PASSHE refutes APSCUF claims

HARRISBURG, Pa.- Recently, the Association of Pennsylvania State College and University Faculties (APSCUF) has repeated claims that they believe the Pennsylvania State System of Higher Education (PASSHE) is choosing to lower the quality of education at the 14 state system schools. APSCUF President Kenneth Mash has cited this as the union’s biggest issue as contract talks continue.

What rallying APSCUF members see as proposed PASSHE changes that would result in a drop in quality of students’ education, PASSHE sees as new opportunities that would not jeopardize that education.

Michael Hissam / The Clarion Call APSCUF President Dr. Kenneth Mash addresses concerns a possible faculty strike have produced and asserts APSCUF is concerned with drops in educational quality that they say could ensue after PASSHE changes.
Michael Hissam / The Clarion Call
APSCUF President Dr. Kenneth Mash addresses concerns a possible faculty strike have produced and asserts APSCUF is concerned with drops in educational quality that they say could ensue after PASSHE changes faculty operations in classes throughout the 14 state system schools.

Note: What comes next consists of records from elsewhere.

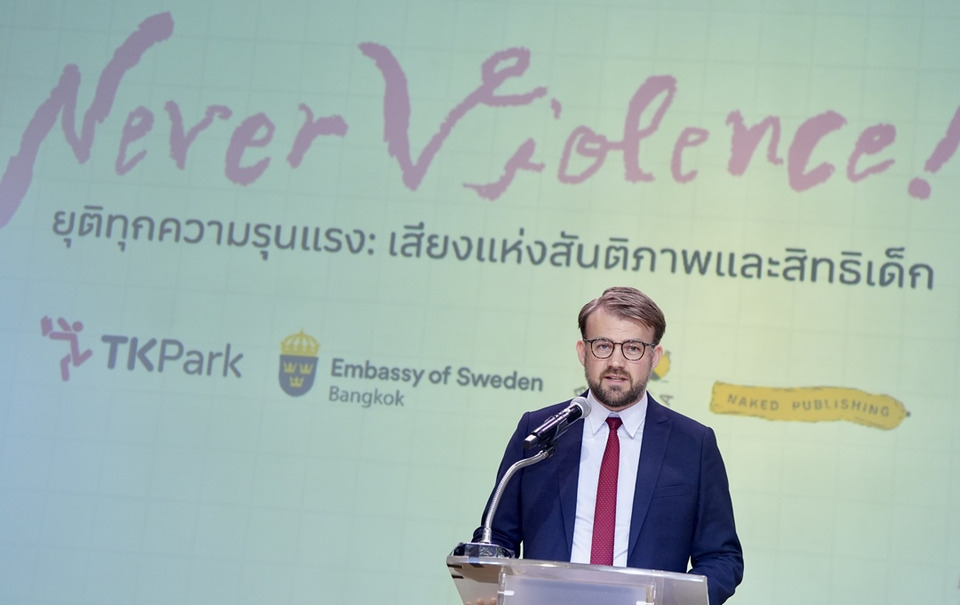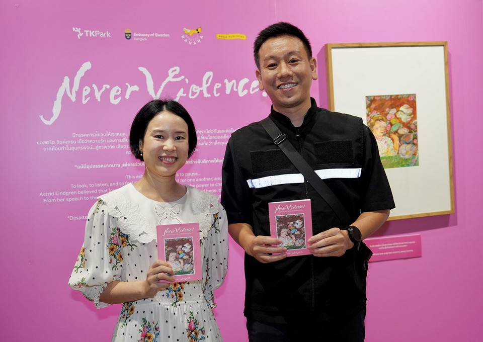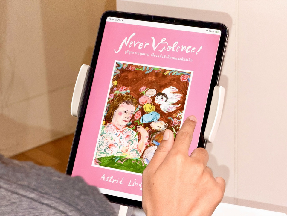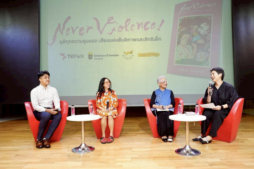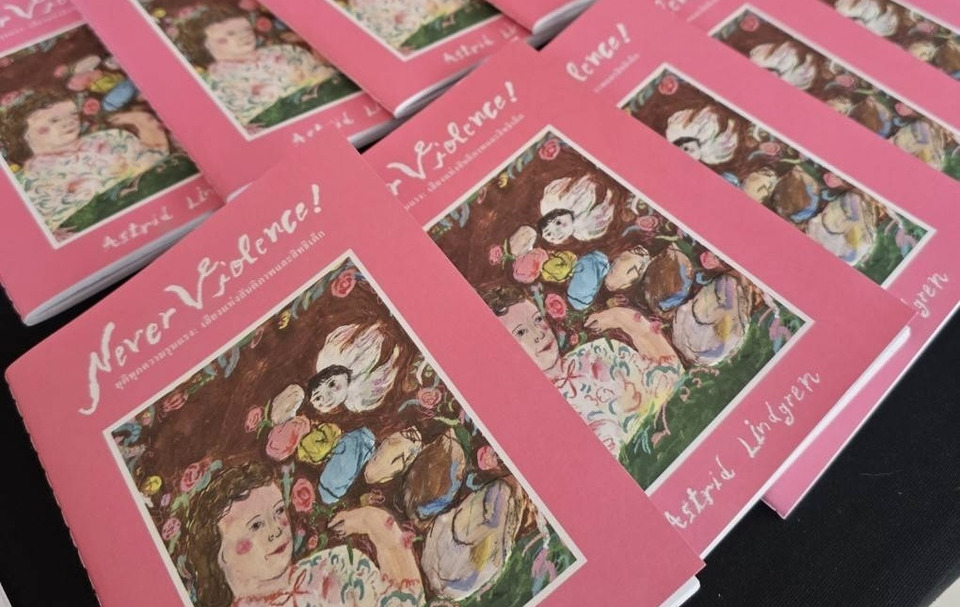 หนังสือ “Never Violence! ยุติทุกความรุนแรง: เสียงแห่งสันติภาพและสิทธิเด็ก” เป็นผลงานของ แอสตริด ลินด์เกรน (Astrid Lindgren) นักเขียนวรรณกรรมเด็กชาวสวีเดน เจ้าของผลงาน “ปิ๊ปปี้ ถุงเท้ายาว” เคยถ่ายทอดผ่านบทกวีและสุนทรพจน์ที่ได้รับการยอมรับในระดับนานาชาติ และมีส่วนผลักดันให้สวีเดนเป็นประเทศแรกของโลกที่ผ่านกฎหมายห้ามลงโทษเด็กทางร่างกายในทุกรูปแบบ ขณะที่ประเทศไทยเพิ่งผ่านกฎหมายนี้ในปีที่ผ่านมา ทำให้การจัดงานครั้งนี้มีความหมายเป็นพิเศษในฐานะ “พื้นที่สาธารณะ” ที่ชวนสังคมกลับมาทบทวนว่า การปกป้องสิทธิเด็กไม่ได้จบที่ตัวบทกฎหมาย แต่เริ่มได้จากการรับฟัง ความเข้าใจ และความสัมพันธ์ที่ไม่ใช้ความรุนแรงในชีวิตประจำวัน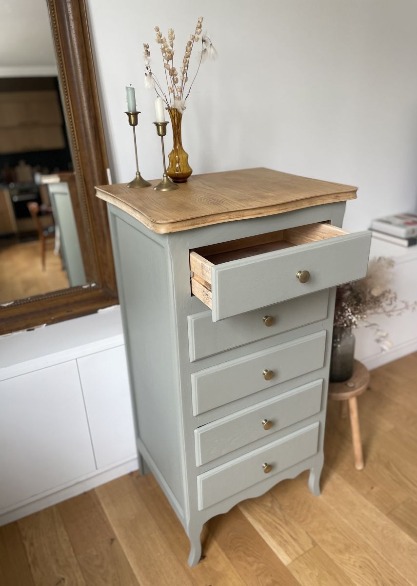 Il a été mis en beauté avec la douce nuance "Gris chaud" de chez Ressource.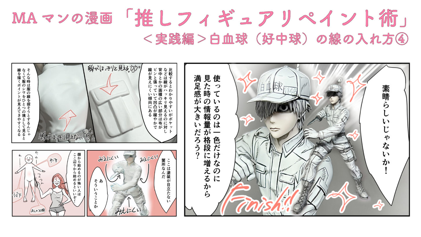 MAマンの漫画「推しフィギュアリペイント術」 <実践編>『はたらく細胞』白血球(好中球)の線の入れ方④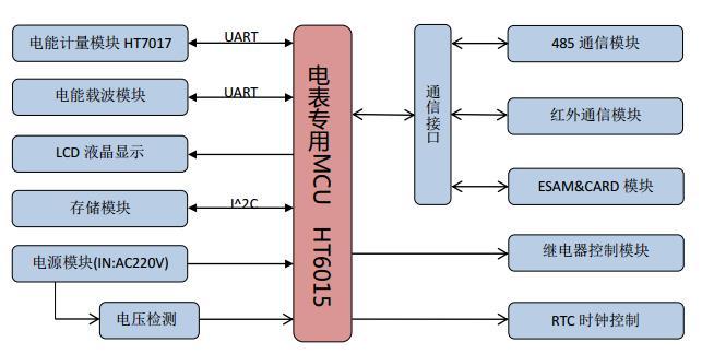 3、MCU芯片可替換為更大Flash和RAM的HT6025芯片,與HT6015完全兼容,將原方案升級至支持國網(wǎng)698協(xié)議的電表。此外還可與HT6215完全兼容,省略一顆外部32.768K晶振和RTC校驗步驟。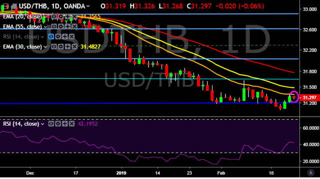We prefer to take long position on USD/THB only above 31.35, stop loss at 31.20 and target of 31.44/31.62 mark.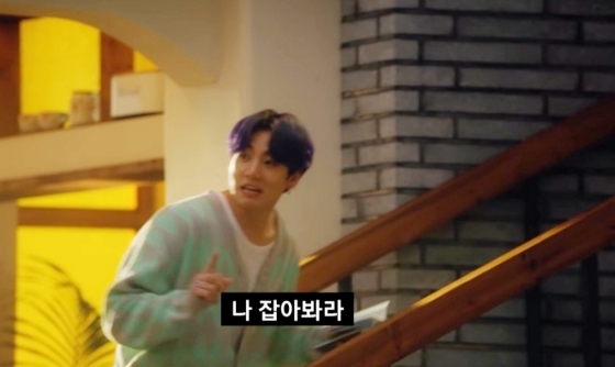 지민이 여권을 가져 오라는 말에 정국은 엉덩이를 씰룩쌜룩 흔들며 "나 잡아 봐라~" 라고 말하면서 잽싸게 도망치며 꾸러기 같은 막내 매력을 한껏 발산했다.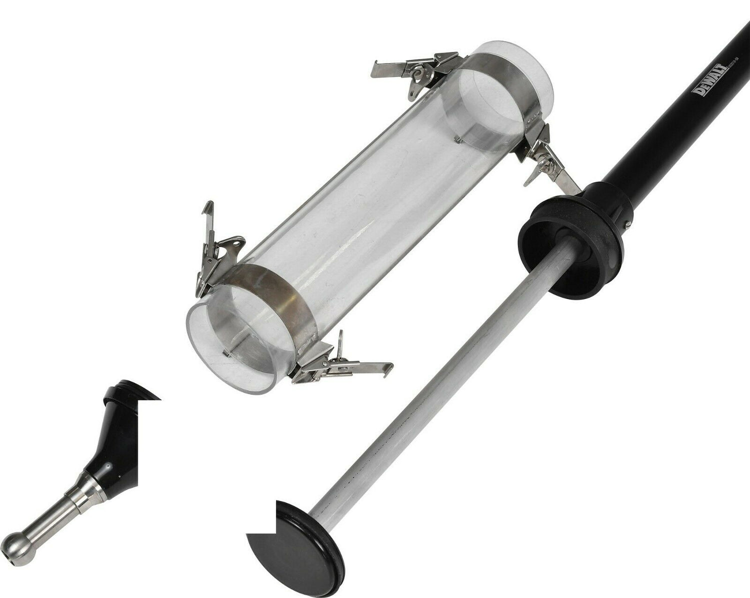Помпата има голям прозрачен цилиндър от поликарбонат, която осигурява изключителен капацитет за по-малко пълнения от помпата. Здравият газов цилиндър осигурява 82 lb налягане - удвоява силата на натиск - което позволява използването на по-гъсти смеси и по-добър дебит, като същевременно е лесна за пълнене.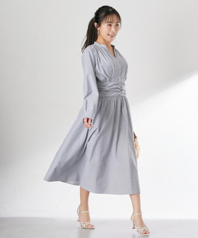 【グラマーバストさん向け】 ニッセングラマーの洋服は大きな胸をキレイに魅せることにこだわった、グラマーバストさん専用設計。 「胸が入る」だけでなく、胸が大きい女性のスタイルが美しく見えるようにこだわりました。 シリーズ商品は「大きな胸をキレイに魅せる服」で検索して下さい。 春はすぐそこ!着やせを叶えるストライプワンピース ■デザイン ・グラマーバスト専用設計独自の設計で高さをしっかり出しているので、メリハリのある美しいシルエットを演出・着痩せが叶うウエストマークでくびれを演出。ウエスト後ろゴム仕様で、柔軟にフィット。フレアスカートで美しいシルエットに。・デコルテが美しいVライングラマーバストがすっきり見えるVライン。かがんでも見えにくく、抜け感があります。・こだわりのボタン間隔ボタンの間隔を狭く設定し、横から見たときにチラ見えしにくい仕様にしました・後ろシャーリングシャーリングゴム仕様で、くびれを演出。着脱もらくちん。・深めのポケット付で便利スマホがすっぽり入る深めポケットで安心・上品ストライプ涼しげで上品な細めのストライプです。縦ラインで細見え効果も!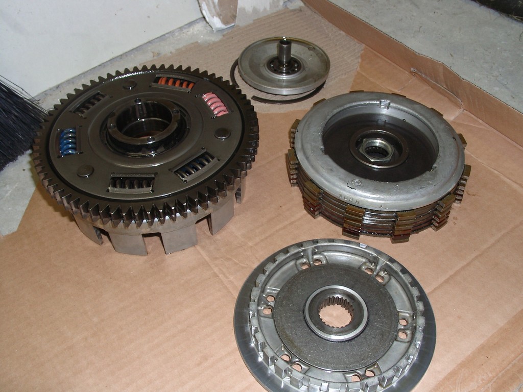 Clutch components removed. Clockwise from upper left, clutch basket, lifter plate, plates and pressure plate, and clutch center.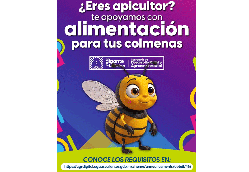 Con el objetivo de fortalecer la apicultura en el estado, la gobernadora de Aguascalientes, Tere Jiménez, anunció la apertura del Programa de Apoyo para la Adquisición de Azúcar y/o Fructosa para Alimentación Apícola, y así impulsar los productos derivados de esta actividad que es básica para el rubro agroalimentario.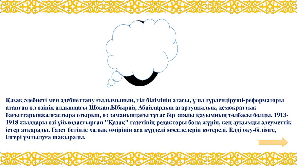 бағыттарынжалғастыра отырып, өз заманындағы тұтас бір зиялы қауымның төлбасы болды. 19131918 жылдары өзі ұйымдастырған "Қазақ" газетінің редакторы бола жүріп, кең ауқымды әлеуметтік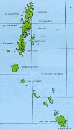 The Andamans are a chain of 184 odd islands in the Andaman sea at approx 1100 Kms to the south of Kolkata. The largest among them, The Andaman Island is 355 Kms long and 60 Kms wide. There was a time when ancient tribes lived here. Some of the natives it is said bore a remarkable resemblance to the aboriginal tribes of Australia. Today some tribes have receded into the deep forest while others have been resettled. Port Blair, it's principal port, is a picturesque and bustling town, full of greenery. It is well connected to the main land by regular passage of ships and scheduled flights from KolKata and Madras. Different communities are living in harmony and use hindi as their language.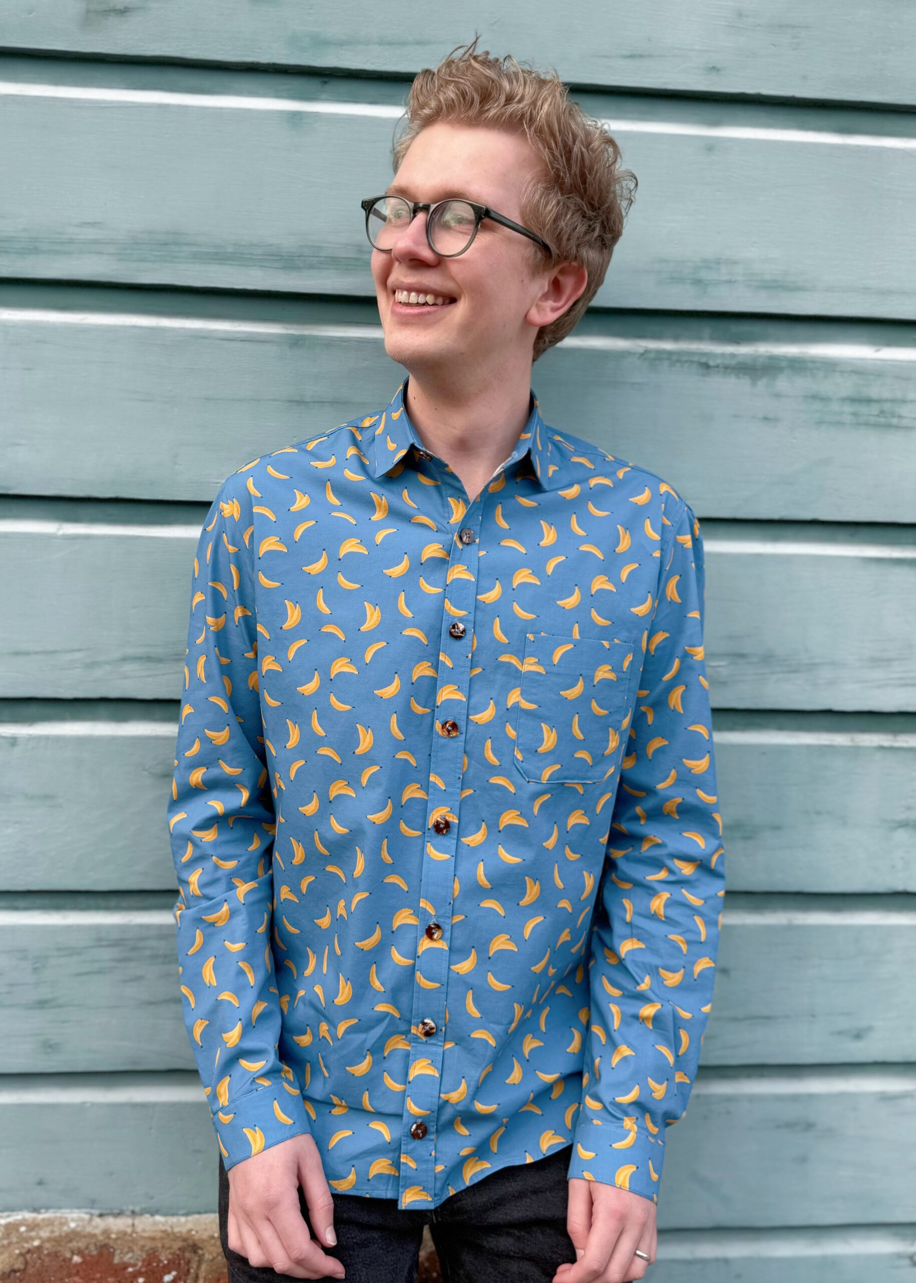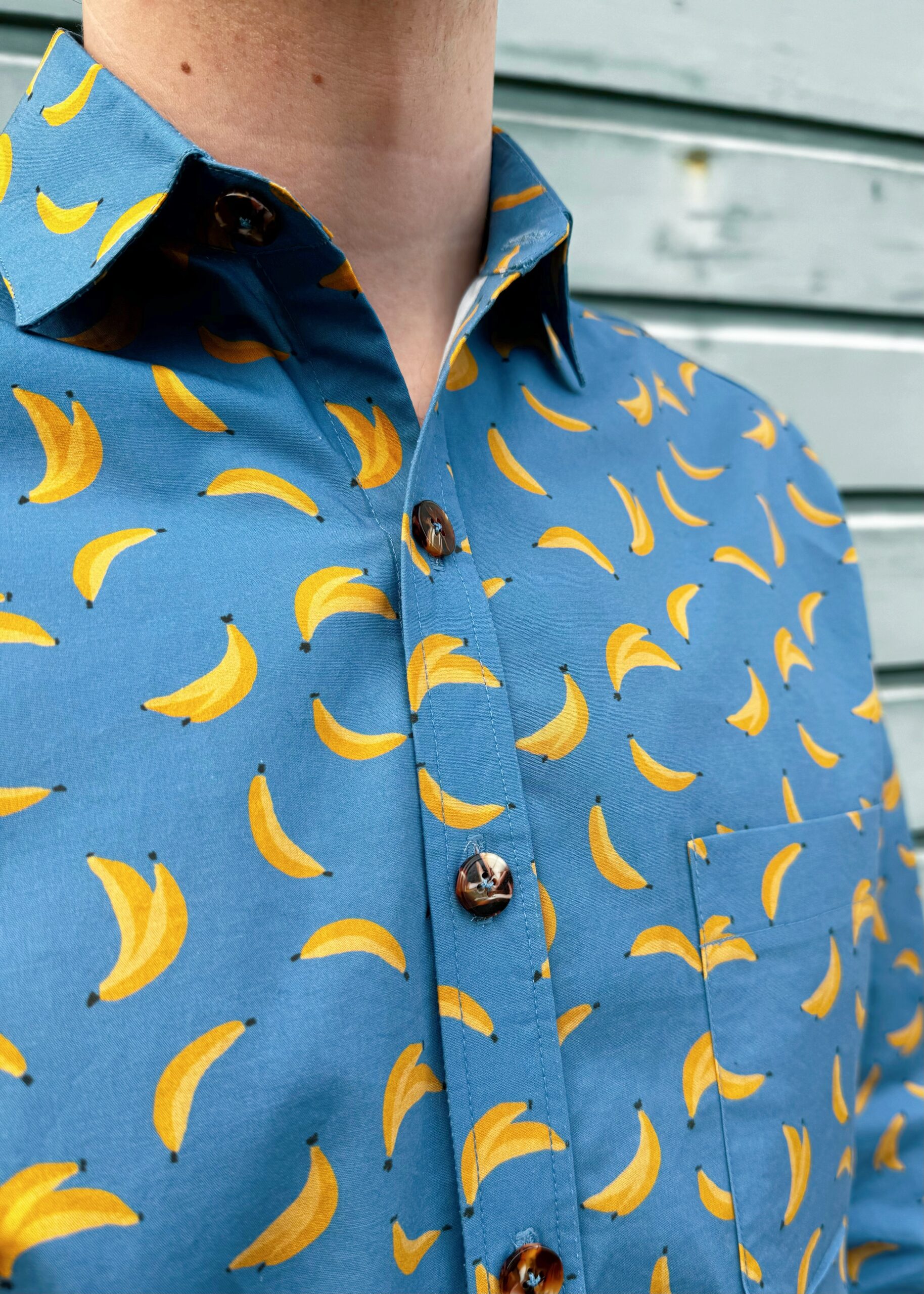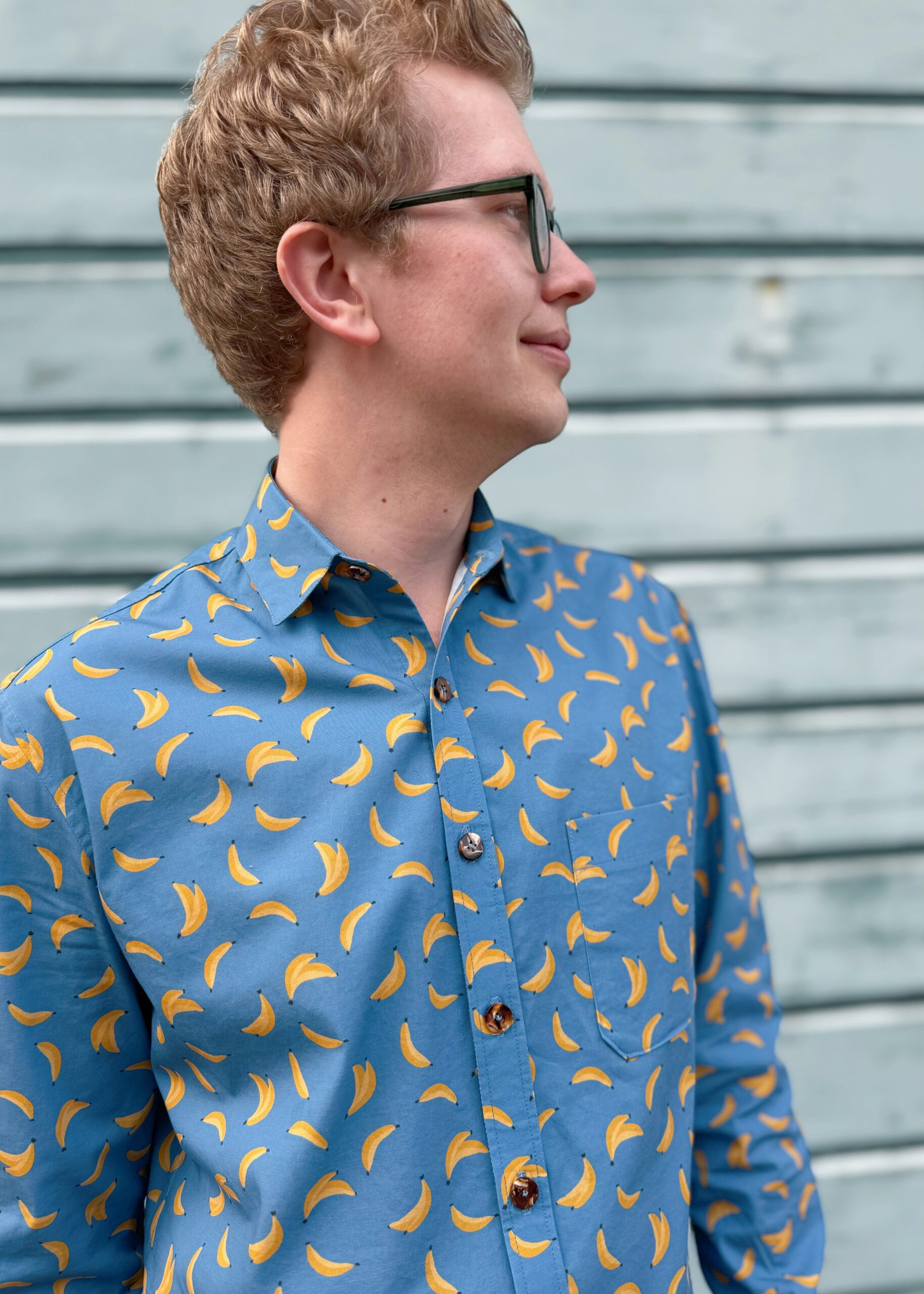 I took a quick trip to visit Simon in San Francisco at the end of February and managed to squeeze in time to make him this new shirt, which is… extremely bananas. Simon was fairly insistent he wanted a banana-print novelty shirt and what kind of wife would I be if I didn’t indulge in his whims…? 🍌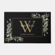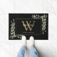 Custom Black And Gold Monogram Greenery Floral Doormat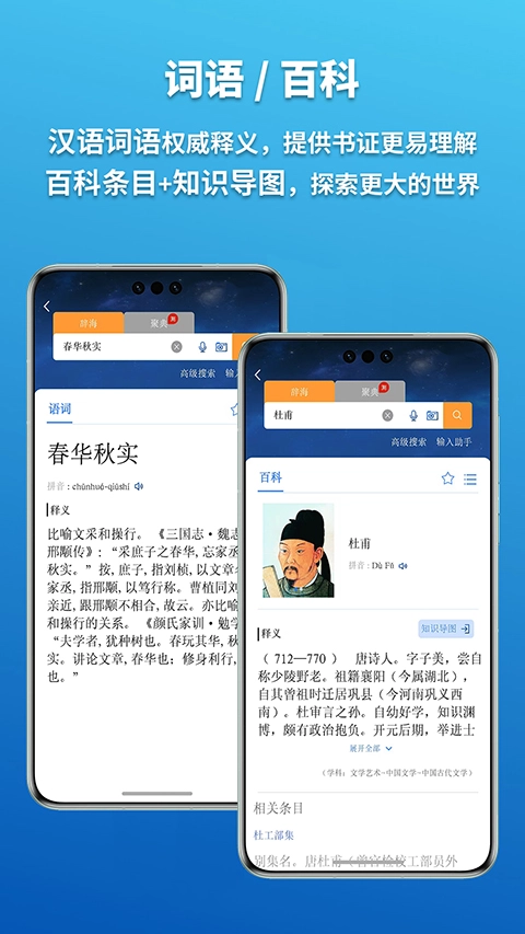 《辞海》是一款集字典、词典与百科词典多种功能于一身的学习工具软件。在这款软件中,用户不仅能够搜索各类繁简汉字相关内容,还可对诗词及现代词语展开搜索。它涵盖了当下常用的各种用法以及原本含义,并且配备音频读音与视频教学。众多功能为用户带来更为全面的汉文学知识内容,在日常生活中也十分实用。

While APSCUF does not want adjunct faculty to teach more classes than they already are or graduate assistants to teach in the presence of mentoring faculty said Mash, PASSHE sees those chances as educational opportunities for the younger, aspiring faculty who PASSHE Chancellor Frank Brogan says would be experiencing similar training standing APSCUF teachers once received.

“We think the changes are not in a negative way,” said PASSHE Media Relations Manager Kenn Marshall.

Marshall also mentioned how faculty might be asked to move from one field to one of higher demand but said that no physics professor would be switching to teach English for example.

One might move from physics to mathematics instead according to PASSHE’s comments.  They believe such changes could increase educational quality and opportunity for students.

Marshall also mentioned that PASSHE wants to encourage the use of online or distance learning.  Students are demanding it, said Marshall, and it is often used as supplemental education for those who need it.

PASSHE also asks that faculty accept the same healthcare plan that state system employees have already agreed to, making for a possible $70 million in healthcare savings according to PASSHE’s website.

“We always reach a settlement,” said Marshall. PASSHE hopes to reach a contract with APSCUF in the upcoming weekend’s negotiations before the APSCUF strike date of Oct. 19.